START Recorded data
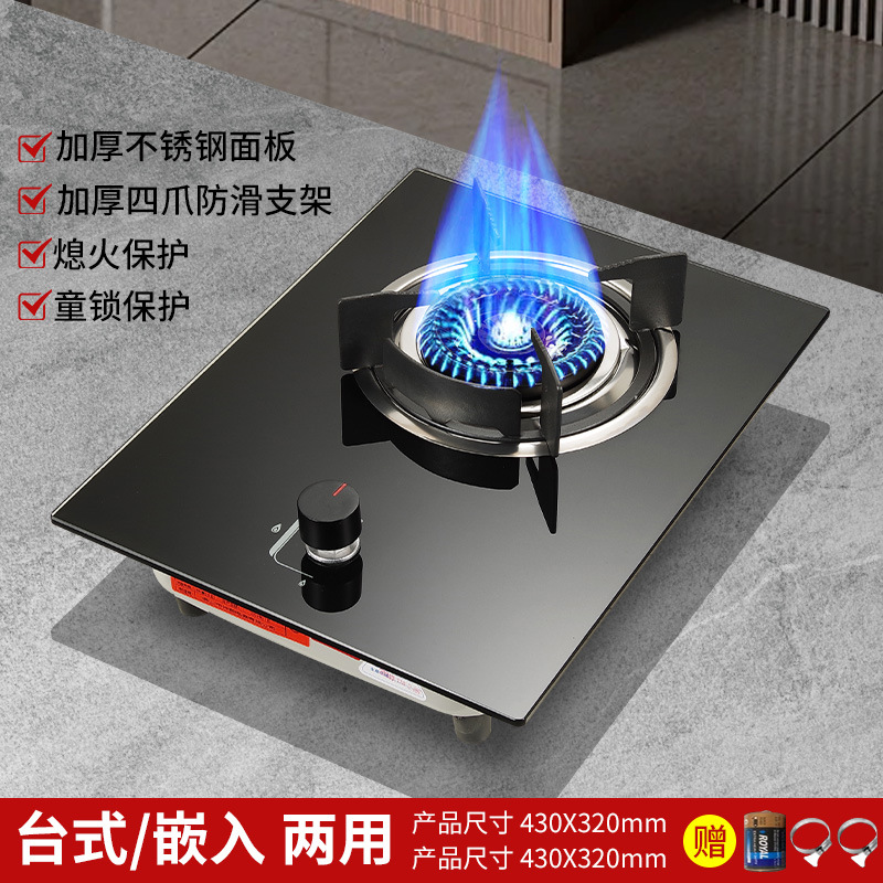 顶配定时九腔猛火-钢化玻璃面板-防风炉架
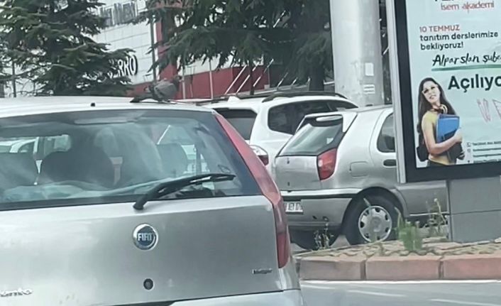 Kayseri’de yorulan güvercin, otomobilin tavanına kondu. Etrafı izleyerek şehir turu atan güvercini gören vatandaşlar da, o anları telefonları ile kaydetti. Yolculuğunu bir süre devam ettiren güvercin, daha sonra uçtu. Vatandaşlar da sosyal medyada "Kayserili güvecin" yorumunu yaptı.
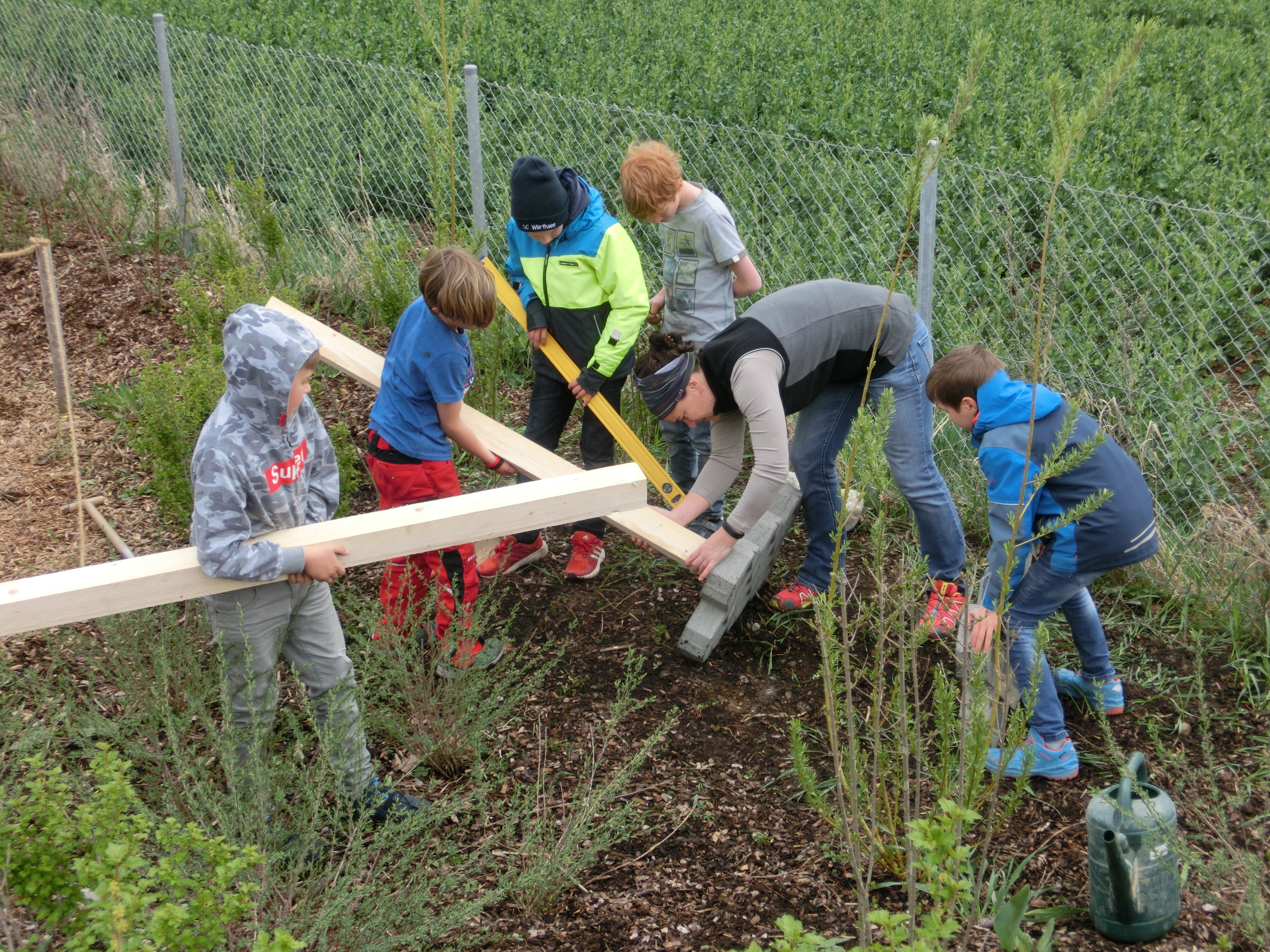 Es mussten auch ein paar Büsche versetzt werden und ein Beutenbock aus Kanthölzern und Rasengittersteinen gebaut und ausgerichtet werden. Ein paar Silphien haben wir auch noch um die Beute gepflanzt. Ich war wirklich begeistert, wie gut und selbständig sich die „Bienenkinder“ organisiert haben.
END Recorded data
■ Directions for this task ■
Leaving out all pictures, repeat word for word the lines from the one containing "Kayseri’de yorulan güvercin, otomobilin" through the final line of the material above.

■ Exercise answer ■
 Kayseri’de yorulan güvercin, otomobilin tavanına kondu. Etrafı izleyerek şehir turu atan güvercini gören vatandaşlar da, o anları telefonları ile kaydetti. Yolculuğunu bir süre devam ettiren güvercin, daha sonra uçtu. Vatandaşlar da sosyal medyada "Kayserili güvecin" yorumunu yaptı.
 Es mussten auch ein paar Büsche versetzt werden und ein Beutenbock aus Kanthölzern und Rasengittersteinen gebaut und ausgerichtet werden. Ein paar Silphien haben wir auch noch um die Beute gepflanzt. Ich war wirklich begeistert, wie gut und selbständig sich die „Bienenkinder“ organisiert haben.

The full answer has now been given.